Overall, the project contributes to the field of AI-driven mental health screening by showing that quaternion encoding and multimodal behavioural cues can enhance sensitivity, reliability, and explainability. This lays the foundation for future work in scalable, accessible depression detection systems.

Future Development

Dataset Limitations
  • Small sample size (n=189) with only 22 participants in the held-out test set reduces statistical power and increases risk of overfitting.
  • Class imbalance (~1:2.7 ratio) required aggressive balancing (SMOTE), which may not fully capture natural variability in depressive behaviours.
  • Controlled laboratory conditions (consistent lighting, fixed protocol, high-quality recordings) differ from real-world home environments with variable lighting, noise, and distractions.
  • Demographic homogeneity (Los Angeles cohort) limits cultural and socioeconomic diversity, reducing generalizability.
Methodological Limitations
  • Quaternion encoding improved head pose features (F1: 0.63 → 0.80) but showed limited benefits for eye gaze and blink dynamics.
  • Combined feature sets (Blink+Head, Blink+Eye) underperformed compared to head pose alone, suggesting quaternion algebra is most effective for rotational cues.

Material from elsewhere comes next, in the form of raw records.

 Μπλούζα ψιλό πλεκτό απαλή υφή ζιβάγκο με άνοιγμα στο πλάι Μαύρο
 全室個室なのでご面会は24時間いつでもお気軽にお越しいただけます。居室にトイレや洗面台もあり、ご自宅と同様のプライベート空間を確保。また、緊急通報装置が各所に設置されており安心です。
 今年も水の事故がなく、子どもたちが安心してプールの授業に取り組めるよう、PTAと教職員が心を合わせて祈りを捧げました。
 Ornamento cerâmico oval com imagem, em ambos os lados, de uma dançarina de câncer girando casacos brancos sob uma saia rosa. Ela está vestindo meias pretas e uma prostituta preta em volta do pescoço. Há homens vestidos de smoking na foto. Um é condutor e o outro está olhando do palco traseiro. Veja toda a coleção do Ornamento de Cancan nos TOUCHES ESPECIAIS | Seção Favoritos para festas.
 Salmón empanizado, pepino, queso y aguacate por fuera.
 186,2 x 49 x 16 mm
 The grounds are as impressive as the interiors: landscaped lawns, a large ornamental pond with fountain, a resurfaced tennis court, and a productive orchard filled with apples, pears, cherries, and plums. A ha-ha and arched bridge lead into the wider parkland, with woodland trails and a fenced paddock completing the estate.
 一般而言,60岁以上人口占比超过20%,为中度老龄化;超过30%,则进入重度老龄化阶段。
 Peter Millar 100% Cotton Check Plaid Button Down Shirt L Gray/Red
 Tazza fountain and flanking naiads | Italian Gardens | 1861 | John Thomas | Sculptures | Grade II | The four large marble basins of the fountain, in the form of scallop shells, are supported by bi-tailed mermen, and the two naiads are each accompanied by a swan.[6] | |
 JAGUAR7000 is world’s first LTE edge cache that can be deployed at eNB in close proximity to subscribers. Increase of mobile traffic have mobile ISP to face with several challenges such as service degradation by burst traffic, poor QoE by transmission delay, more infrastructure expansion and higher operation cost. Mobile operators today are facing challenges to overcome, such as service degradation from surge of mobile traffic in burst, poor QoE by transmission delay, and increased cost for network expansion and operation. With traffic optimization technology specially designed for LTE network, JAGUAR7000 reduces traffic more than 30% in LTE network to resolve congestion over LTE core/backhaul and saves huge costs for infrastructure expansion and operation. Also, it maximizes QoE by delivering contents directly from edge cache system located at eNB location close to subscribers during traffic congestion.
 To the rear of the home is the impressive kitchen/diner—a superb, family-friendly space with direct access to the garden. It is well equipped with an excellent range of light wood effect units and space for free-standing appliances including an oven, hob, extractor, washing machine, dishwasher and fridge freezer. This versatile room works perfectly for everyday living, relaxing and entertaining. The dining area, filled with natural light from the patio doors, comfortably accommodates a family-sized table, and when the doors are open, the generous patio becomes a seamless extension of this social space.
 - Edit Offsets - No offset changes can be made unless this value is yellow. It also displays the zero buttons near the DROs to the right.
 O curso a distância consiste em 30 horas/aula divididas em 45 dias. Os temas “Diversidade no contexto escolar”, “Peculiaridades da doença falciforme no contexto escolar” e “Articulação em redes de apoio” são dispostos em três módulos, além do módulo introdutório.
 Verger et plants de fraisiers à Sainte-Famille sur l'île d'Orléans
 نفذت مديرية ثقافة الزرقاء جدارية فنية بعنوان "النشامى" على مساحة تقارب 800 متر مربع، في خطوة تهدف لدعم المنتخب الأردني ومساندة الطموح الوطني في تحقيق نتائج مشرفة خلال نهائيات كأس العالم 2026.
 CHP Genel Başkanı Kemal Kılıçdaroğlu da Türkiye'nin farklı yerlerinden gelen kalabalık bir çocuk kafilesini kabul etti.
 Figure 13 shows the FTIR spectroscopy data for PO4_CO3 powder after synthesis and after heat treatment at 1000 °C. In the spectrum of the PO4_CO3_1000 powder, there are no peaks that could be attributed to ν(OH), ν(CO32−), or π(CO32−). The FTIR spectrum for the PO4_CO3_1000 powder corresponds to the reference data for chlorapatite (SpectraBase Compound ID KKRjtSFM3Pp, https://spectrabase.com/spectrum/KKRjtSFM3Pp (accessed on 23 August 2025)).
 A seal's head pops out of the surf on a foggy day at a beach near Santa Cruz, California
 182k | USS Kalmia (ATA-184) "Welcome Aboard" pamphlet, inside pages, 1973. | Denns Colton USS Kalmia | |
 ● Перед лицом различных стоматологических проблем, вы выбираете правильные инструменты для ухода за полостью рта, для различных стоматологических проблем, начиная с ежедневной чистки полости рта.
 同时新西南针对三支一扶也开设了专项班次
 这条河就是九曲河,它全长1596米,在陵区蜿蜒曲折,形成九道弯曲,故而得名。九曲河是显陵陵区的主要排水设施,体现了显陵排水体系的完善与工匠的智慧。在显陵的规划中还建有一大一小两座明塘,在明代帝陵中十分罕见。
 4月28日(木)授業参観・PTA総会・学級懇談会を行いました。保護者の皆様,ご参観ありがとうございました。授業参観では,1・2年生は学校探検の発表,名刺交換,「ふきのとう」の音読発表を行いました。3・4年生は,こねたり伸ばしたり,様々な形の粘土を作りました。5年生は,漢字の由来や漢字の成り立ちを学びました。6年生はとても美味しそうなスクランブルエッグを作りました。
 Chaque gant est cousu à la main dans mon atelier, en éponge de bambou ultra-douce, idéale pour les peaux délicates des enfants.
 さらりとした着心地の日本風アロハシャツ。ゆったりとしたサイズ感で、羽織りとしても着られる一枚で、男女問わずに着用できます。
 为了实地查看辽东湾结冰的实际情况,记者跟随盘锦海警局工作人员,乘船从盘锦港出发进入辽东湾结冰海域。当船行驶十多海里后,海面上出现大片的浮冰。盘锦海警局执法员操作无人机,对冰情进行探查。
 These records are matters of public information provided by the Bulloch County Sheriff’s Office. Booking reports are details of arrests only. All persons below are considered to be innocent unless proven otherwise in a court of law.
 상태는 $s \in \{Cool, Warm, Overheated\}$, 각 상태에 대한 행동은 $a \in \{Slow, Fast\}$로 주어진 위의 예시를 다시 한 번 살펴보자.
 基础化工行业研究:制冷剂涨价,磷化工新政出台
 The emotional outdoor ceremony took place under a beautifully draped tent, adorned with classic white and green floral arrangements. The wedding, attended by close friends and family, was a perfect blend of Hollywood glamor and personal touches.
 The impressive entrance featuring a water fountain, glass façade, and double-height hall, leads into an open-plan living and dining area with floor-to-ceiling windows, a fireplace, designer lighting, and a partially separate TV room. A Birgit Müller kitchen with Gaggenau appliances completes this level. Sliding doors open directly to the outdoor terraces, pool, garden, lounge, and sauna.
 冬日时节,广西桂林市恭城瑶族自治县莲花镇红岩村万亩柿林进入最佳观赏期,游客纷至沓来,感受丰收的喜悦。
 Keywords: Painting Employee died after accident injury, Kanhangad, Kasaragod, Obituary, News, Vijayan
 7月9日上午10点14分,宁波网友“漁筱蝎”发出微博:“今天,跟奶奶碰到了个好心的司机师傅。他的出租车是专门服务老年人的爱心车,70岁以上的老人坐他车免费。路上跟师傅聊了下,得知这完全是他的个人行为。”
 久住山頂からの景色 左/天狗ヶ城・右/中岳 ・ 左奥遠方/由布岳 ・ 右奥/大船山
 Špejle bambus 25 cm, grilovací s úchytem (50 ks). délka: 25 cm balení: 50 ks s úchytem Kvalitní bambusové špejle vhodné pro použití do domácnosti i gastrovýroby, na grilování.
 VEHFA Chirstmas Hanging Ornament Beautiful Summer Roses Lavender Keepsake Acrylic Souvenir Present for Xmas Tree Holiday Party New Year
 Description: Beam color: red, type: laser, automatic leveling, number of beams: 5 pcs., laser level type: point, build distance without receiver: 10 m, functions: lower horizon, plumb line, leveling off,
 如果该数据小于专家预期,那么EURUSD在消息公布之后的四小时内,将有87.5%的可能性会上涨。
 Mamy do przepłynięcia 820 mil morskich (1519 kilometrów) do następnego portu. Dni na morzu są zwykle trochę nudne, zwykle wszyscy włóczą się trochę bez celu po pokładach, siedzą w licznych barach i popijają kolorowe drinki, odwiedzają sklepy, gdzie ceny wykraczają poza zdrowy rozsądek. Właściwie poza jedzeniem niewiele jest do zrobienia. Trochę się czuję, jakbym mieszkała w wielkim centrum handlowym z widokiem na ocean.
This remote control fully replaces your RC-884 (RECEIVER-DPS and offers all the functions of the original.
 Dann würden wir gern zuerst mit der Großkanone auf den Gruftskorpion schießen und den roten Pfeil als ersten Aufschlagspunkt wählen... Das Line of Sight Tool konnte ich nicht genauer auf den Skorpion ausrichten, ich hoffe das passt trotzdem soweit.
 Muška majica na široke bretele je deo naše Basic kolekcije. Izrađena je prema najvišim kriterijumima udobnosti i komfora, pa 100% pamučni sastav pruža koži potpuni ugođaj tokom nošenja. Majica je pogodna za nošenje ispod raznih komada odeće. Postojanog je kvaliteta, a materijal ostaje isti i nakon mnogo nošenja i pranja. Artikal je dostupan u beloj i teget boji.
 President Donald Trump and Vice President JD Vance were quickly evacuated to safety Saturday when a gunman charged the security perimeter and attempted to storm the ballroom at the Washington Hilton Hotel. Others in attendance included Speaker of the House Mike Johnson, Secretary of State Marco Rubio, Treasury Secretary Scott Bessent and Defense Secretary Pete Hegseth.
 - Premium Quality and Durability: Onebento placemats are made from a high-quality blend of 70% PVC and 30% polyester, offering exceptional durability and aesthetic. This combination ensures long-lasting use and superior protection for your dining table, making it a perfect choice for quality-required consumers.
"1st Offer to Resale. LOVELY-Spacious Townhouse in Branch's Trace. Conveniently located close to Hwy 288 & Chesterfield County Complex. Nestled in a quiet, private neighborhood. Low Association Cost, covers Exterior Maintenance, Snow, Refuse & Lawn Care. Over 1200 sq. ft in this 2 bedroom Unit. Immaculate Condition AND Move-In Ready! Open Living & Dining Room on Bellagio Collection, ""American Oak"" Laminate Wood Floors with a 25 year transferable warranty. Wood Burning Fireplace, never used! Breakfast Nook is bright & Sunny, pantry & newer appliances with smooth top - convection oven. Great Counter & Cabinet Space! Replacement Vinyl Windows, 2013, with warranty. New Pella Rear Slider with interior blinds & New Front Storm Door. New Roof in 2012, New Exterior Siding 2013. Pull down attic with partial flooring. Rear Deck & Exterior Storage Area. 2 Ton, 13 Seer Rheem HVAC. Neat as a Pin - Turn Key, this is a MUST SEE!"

  • Exclusion of Facial Action Units (FAUs) may have limited performance, as FAUs are established depression indicators.
Technical Limitations
  • Analysis relied on pre-extracted features; real-time extraction introduces latency, tracking failures, and quality degradation under suboptimal conditions.
  • Classical ML models provided interpretability but may lack the representational capacity of deep learning approaches.
  • Exclusion of audio and text modalities preserved privacy but limited performance compared to multimodal systems.
Future Work
  • Validation on Larger, Diverse Datasets: Replicate findings on independent datasets (e.g., AVEC 2019), expand participant diversity, and increase sample size for stronger statistical power.
  • Real-World Deployment Studies: Test robustness in uncontrolled home environments with variable lighting, camera quality, and background noise; conduct longitudinal studies to assess temporal stability.
  • Advanced Feature Engineering: Explore quaternion encoding for additional rotational cues (body posture, gait), investigate hybrid fusion strategies, and incorporate temporal dynamics via sequence modeling.
  • Clinical Translation: Conduct usability testing with target populations, define clinical decision thresholds balancing sensitivity and specificity, integrate with mental health services, and address regulatory requirements.